Today is the last day of National Novel Writing Month (NaNoWriMo) 2016. I participated this year, having set a goal of 30,000 words. This is my fifth novel manuscript, but in so many ways I still feel like a beginner. Every writing project is different, and you learn something from each one. You build on what you’ve learned and strengthen those skills.

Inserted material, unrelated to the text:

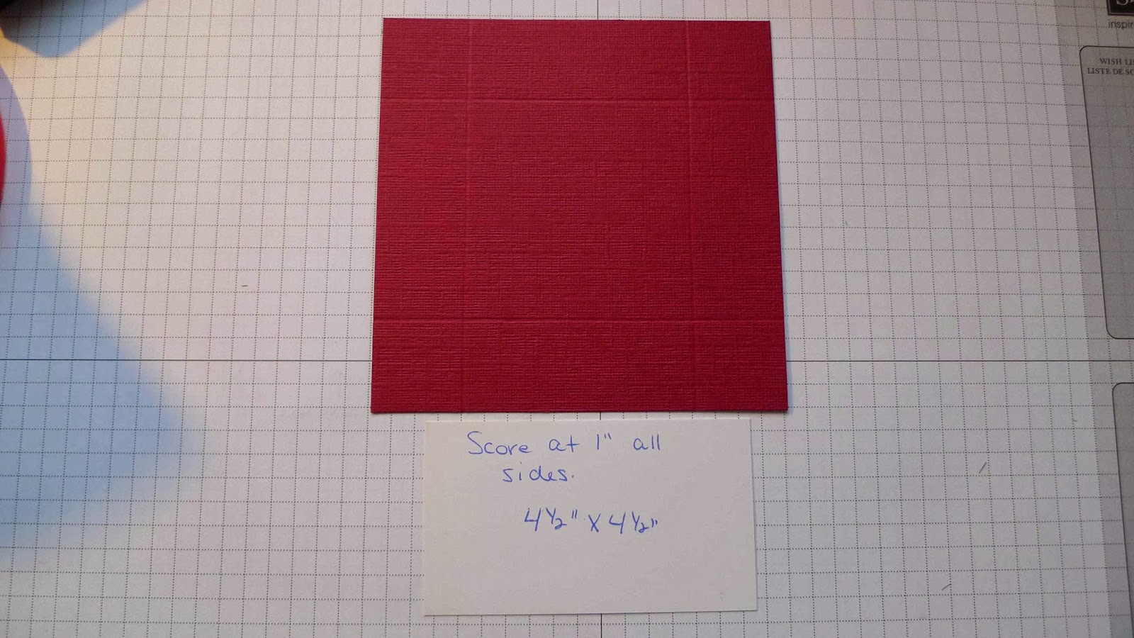 1. Cut a piece of 4-1/2″ x 4-1/2″ Textured Cherry Cobbler card stock #132129.

I fell short of my goal by about 4,000 words, but I wrote most days, and I’m overall pleased with what I accomplished:

  • I established a new routine of a near-daily writing practice on top of other work, self-care, and family;
  • I figured out how to overcome what I saw as blocks (“can’t write at work”) by just sitting down and doing it;
  • I let myself trust in the process. While many writing guides and teachers urge you to map out a plan for your novel ahead of time for NaNoWriMo, I didn’t do that. I am writing historic-biopic fiction, and so I did have a lot of material to work with, and had previously written a screenplay with the same material, but I realized that this version of my project was calling me to do something else with it. I let myself dive in and do something less traditional, something more intuitive, something that called on me to break free of a pre-existing structure. Since my project was also heavily researched, I also had to learn to trust that I’d done “enough.” (I did do a little research along the way, and had books close at hand, but there comes a time when you have to trust that you’ve done enough);
  • I learned to forgive myself for the days I planned too much or didn’t get to the writing. I looked at whether I was unrealistic or I had let other things get in the way, and learned from that.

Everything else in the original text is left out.